>>>>>

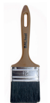
BALTOOL lazurovací štětec
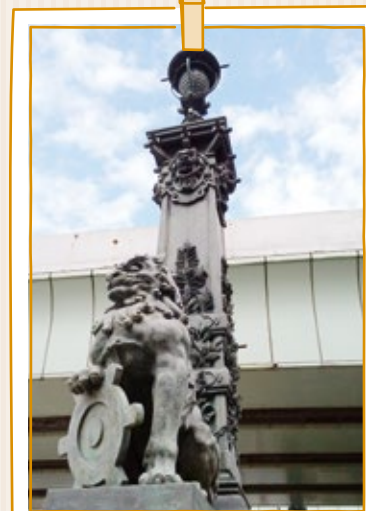
銀座三越 船乗り場

三越前駅で集合、江戸の歴史を頭に描き時代小説に出てくる「橋」や「川」を探訪しました。鎌倉河岸捕物控に出てくる日本橋、鎌倉橋、 まなしたばし 俎板橋、昌平橋、浅草橋、柳橋は有名です。ガイドさんの話で、「鎌倉橋左岸下流側には、江戸城建設の際に鎌倉から運んだ木材や石材を荷揚げした河岸があり、鎌倉河岸と呼ばれていたそうです。護岸の石組には各藩の刻印が石に刻まれており、そこからその藩の財政の状態が分かるようになっていたそうです。神田川は江戸城外堀としての機能を果たしたほか、江戸市中へと水を運ぶ神田上水としても利用されていた重要な水路でもありました。」とのこと。

<<<<<

_INSTRUCTIONS TO FOLLOW_. Transcribe everything above exactly. Do not include the pictures.

_EXERCISE OUTPUT_.
BALTOOL lazurovací štětec
銀座三越 船乗り場

三越前駅で集合、江戸の歴史を頭に描き時代小説に出てくる「橋」や「川」を探訪しました。鎌倉河岸捕物控に出てくる日本橋、鎌倉橋、 まなしたばし 俎板橋、昌平橋、浅草橋、柳橋は有名です。ガイドさんの話で、「鎌倉橋左岸下流側には、江戸城建設の際に鎌倉から運んだ木材や石材を荷揚げした河岸があり、鎌倉河岸と呼ばれていたそうです。護岸の石組には各藩の刻印が石に刻まれており、そこからその藩の財政の状態が分かるようになっていたそうです。神田川は江戸城外堀としての機能を果たしたほか、江戸市中へと水を運ぶ神田上水としても利用されていた重要な水路でもありました。」とのこと。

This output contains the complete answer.